I stumbled into editing belatedly, starting from scratch in 2011 when asked to cut my first moyen métrage. What I quickly learned was that editing is the ultimate and subtle “make or break.” A clean shave or a slit to the veins — an expert editor can save mediocre footage, while a rushed hack can massacre even the best cinematography. The Mirror, Tarkovsky’s assemblage of memories and reproaches toward his parents, only came to life on its seventh reshuffled edit — with the desperate addition of archival footage showing Soviet WW2 soldiers trudging through the mud of Lake Syvash.
Editing is where the magic — and the torment — happens. I’ve spent days debating whether to move a cut by a single frame. Left or right? J-K-L again.
It’s an esoteric process, bordering on the supernatural. Accidental overlaps on the timeline have, more than once, created unplanned cuts so perfect they made it into the final film. Can you guess which ones?
Because I’m often also the director and DP, I shoot with editing in mind — leaving pre-roll and post-roll “head and tails” to experiment freely. It’s not just about following the protocol of the script; it’s about preparing for the lucky accidents. The best takes? Often the first or the last, driven by actors’ request to give it another try. A request I always grant as a director, even though the producer in me screams about the delay.
But as one of my mentors used to say in my early days of photojournalism, back in the 1990s: “Film is cheap. Editing is priceless.” He was referring to still frames, but I transposed the adage to motion (and thankfully digital is cheaper still). So as a DP, I shoot more than necessary, knowing that the cut will decide everything.

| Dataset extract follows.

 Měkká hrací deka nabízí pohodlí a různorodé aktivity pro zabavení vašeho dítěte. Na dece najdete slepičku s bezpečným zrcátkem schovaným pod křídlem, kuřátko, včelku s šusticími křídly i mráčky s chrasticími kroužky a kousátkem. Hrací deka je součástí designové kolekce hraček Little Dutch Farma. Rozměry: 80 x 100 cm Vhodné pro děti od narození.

Filming is lights, camera and a hundred creatives having fun outbesting each other. Editing is a display array, a rendering rack and a solitary slog of endurance in the dark.
Editing is a delicate balance of sensory manipulation and invisibility. Critics praise the editing in my films, yet none have pinpointed where my most subversive jump cuts land — or why they work. That’s by design. If the audience notices, I’ve failed. Editing must alter the viewer’s emotions without their awareness, threading together visuals, sound, and music into a seamless flow. A uniting paradox of absence.

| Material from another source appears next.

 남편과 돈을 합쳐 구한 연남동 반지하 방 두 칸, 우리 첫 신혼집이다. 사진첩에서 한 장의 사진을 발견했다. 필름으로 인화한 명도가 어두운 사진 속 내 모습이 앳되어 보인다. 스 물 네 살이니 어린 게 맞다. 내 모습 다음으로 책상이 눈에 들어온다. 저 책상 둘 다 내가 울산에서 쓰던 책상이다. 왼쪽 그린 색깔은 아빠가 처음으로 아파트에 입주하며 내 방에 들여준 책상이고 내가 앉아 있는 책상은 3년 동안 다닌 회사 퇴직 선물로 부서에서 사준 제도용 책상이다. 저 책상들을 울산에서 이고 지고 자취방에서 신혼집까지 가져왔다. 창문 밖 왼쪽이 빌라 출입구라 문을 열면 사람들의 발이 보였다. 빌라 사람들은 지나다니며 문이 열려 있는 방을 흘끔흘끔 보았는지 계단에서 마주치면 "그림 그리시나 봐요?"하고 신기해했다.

I know the rules, the conventions of cinema. Only to better break them at their weakest. My documentaries import scripted fiction technique, and fiction films play with a real street scene to change the emotional pitch. Precisely when and where I want to switch an octave. Isn’t cinema an art of fooling the intellectual and stirring the emotional?

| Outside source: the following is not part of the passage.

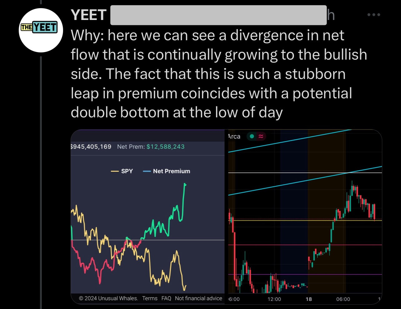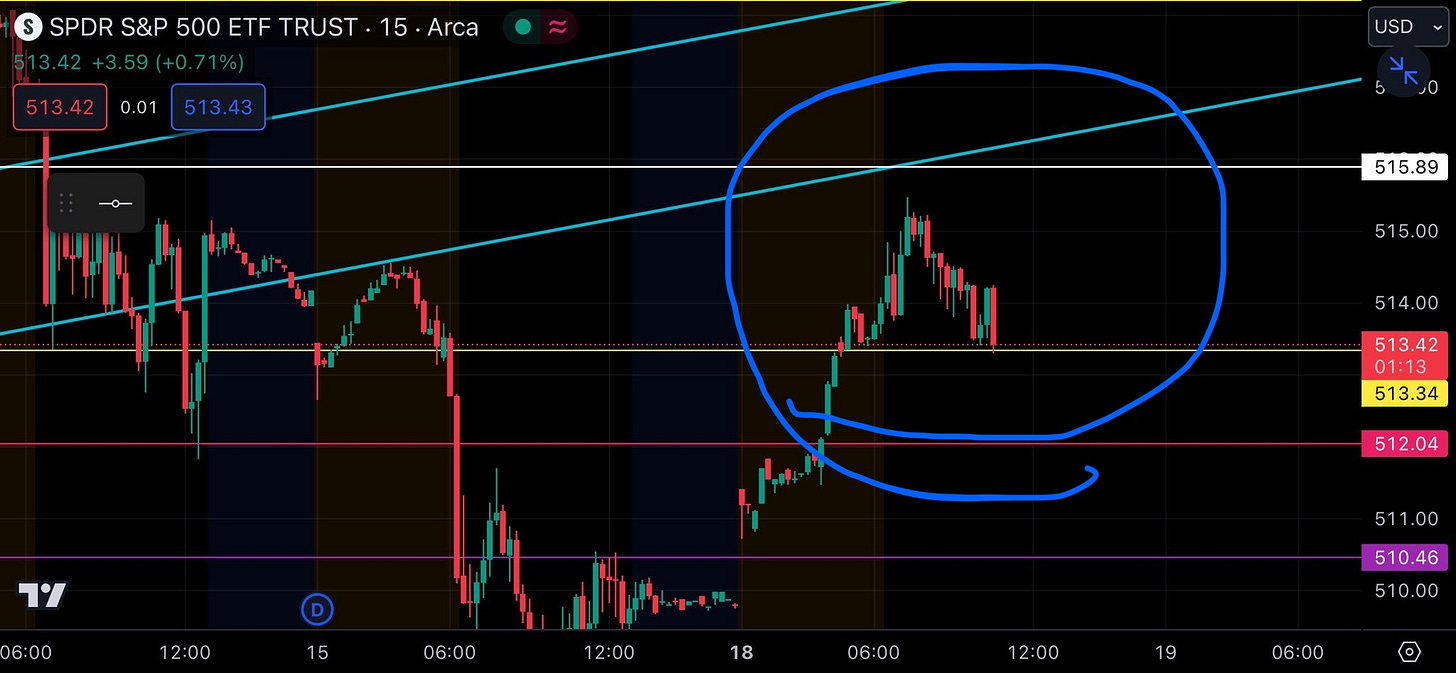 In this trade we used chart confirmation of a bottom/double bottom in tandem with growing net premium sentiment. SPY hadn’t been able to stay under our 513.3 level all day and once we saw it hit that low again with bullish premium increasing, it seemed likely we’d get a bounce at that level.

Compared to other disciplines, film editing is deceptively minimalist. Just compare the number of tools available in Photoshop to any editing suite.
Whether on an old-school Moviola or a subversive “magnetic timeline” of Final Cut Pro X, I can’t hide behind such naked simplicity: up to me to decide. Every single cut.
I choose Final Cut for its unorthodox flexibility — I turned my uncultured handicap into a fresh look at the traditional workflows. Unless you insist, I don’t “picture lock,” — I cut, arrange music, edit and repair audio in parallel. It’s a dynamic and methodical process — Final Cut running alongside Ableton Live and Adobe Audition, while the music team pulls their hair out (perhaps that’s why I work with Robert Henke, who hasn’t much left).
A process impossible without prior theoretical and practical foundations in music. But wait! Back in the crumbling USSR, I was “The lucky kid with outstanding musical talent. Must. Absolutely. Attend special music school.” On top of the regular one, of course.
Maybe if my parents had told me I would have needed those skills 20 years later, I would have shown more enthusiasm for composition theory, notation systems, and music history. Back then, dissonant chord progressions sounded like math, and being ‘best of class’ meant leading the choir as a reluctant soloist.
And yet, the results sound for themselves, and you will hear that from sound design specialists who wonder where such soundscapes come from. I guess, from a combination of Swiss Alps and freezing Moscow nights?
Speaking of layers… my STEM-heavy educational background adds another dimension. While many editors crumble under the current digital weight of technical details, I ffmpeg all the way, writing my own software in Bash, Rust or the omnipresent JavaScript.
I never liked my physics profs, but understanding debayering, LAB color spaces, and optical imperfections as mathematical models lets me extract maximum detail from every frame — removing aberrations, posterization, and artifacts with Swiss precision. Did they secretly know what I would face? That will forever remain a mystery. Like my editing choices — an amalgam of technical precision and sensory intuition, deceptively transparent to the audience.
Editing is weirdly subjective, the “you know it when you see it” kind almost impossible to judge for non-professionals.
The only metric I trust is personal: can I watch my edit 1 000 times without puking? I have to — when finalizing and checking the DCP. If the result still moves my soul and not my bowels on the 1 001st viewing, it’s a success.